Conspiracy theories have sprung up all over the place about Nigeria's $10bn ‘retaliation’ against MTN

Nick Hedley

As MTN grapples with demands from Nigerian authorities for as much as $10.1bn, many analysts insist that ulterior motives are at work behind the scenes.
While it’s entirely possible that regulators are acting in good faith and MTN has something to answer for, analysts say the Nigerian government is shooting itself in the foot by causing serious financial harm to one of the country’s biggest companies.

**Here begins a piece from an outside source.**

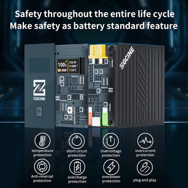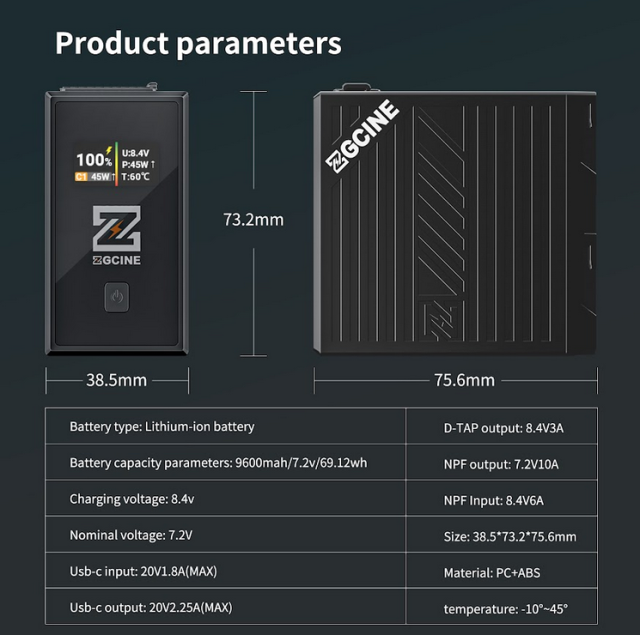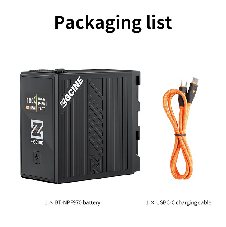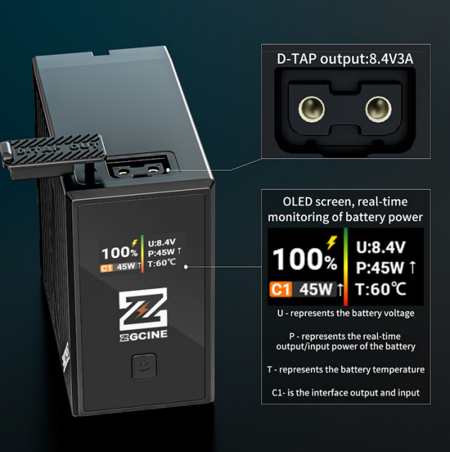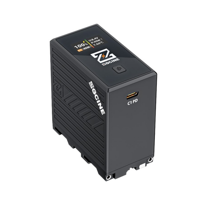 Batéria ZGCINE BT-NPF970 L Series poskytuje vysoký výkon v odolnej, kompaktnej forme s kapacitou 9600 mAh (7,2 V/69,12 Wh) lítium-iónovej batérie, podporuje rýchle nabíjanie PD a vybíjanie až do 36 W cez USB-C. Je vybavená výstupom D-TAP (8,4 V/3 A), výstupom NPF (7,2 V/10 A) a vstupom NPF (8,4 V/6 A) a napája širokú škálu filmových a vysielacích zariadení. Vstavaný OLED displej umožňuje monitorovanie stavu batérie v reálnom čase, napätia (U), výkonu (P), teploty (T) a stavu rozhrania C1, pričom jedným tlačidlom je možné prepínať zobrazenie (neaktívne počas nabíjania). Je navrhnutý tak, aby bol bezpečný počas celého svojho životného cyklu, a obsahuje ochranu proti prehriatiu, skratu, prepätiu, nadprúdu, spätnému prúdu, preťaženiu a preťaženiu. Je vyrobený z PC+ABS, spoľahlivo funguje v teplotnom rozsahu od -10 °C do 45 °C a disponuje funkciou plug-and-play pre hladkú integráciu do profesionálnych pracovných postupov.

Conspiracy theories have sprung up all over the place. One theory in the market is that Nigeria is retaliating after South African authorities detained a Russian ship bound for the West African state. The ship, which was detained in late August, was carrying illegal mining explosives, according to the Hawks.
Other market commentators claim that the Nigerian government is desperate for foreign exchange and that funds are needed to bolster the fiscus ahead of February 2019 elections. Nigerian media houses say some people may have a financial interest in MTN’s pain, since it’s customary for law firms and whistleblowers to take cuts of successful fines there.
Another analyst said a hostile takeover of MTN Nigeria could be in the works, whereby authorities cripple the company with fines and then pawn it off – presumably to a politically-connected person or group – for a small sum.
A more plausible theory is that regulators are deliberately trying to scupper MTN’s IPO. By agreeing to a local listing, authorities agreed to reduce MTN’s 2015 fine, for failing to disconnect unregistered SIM cards, from $5.2bn to $1.7bn. But they recently imposed a hard deadline for that condition to be met – the first half of next year. If MTN misses that deadline, it will have to pay the rest of the initial fine – another $3.5bn.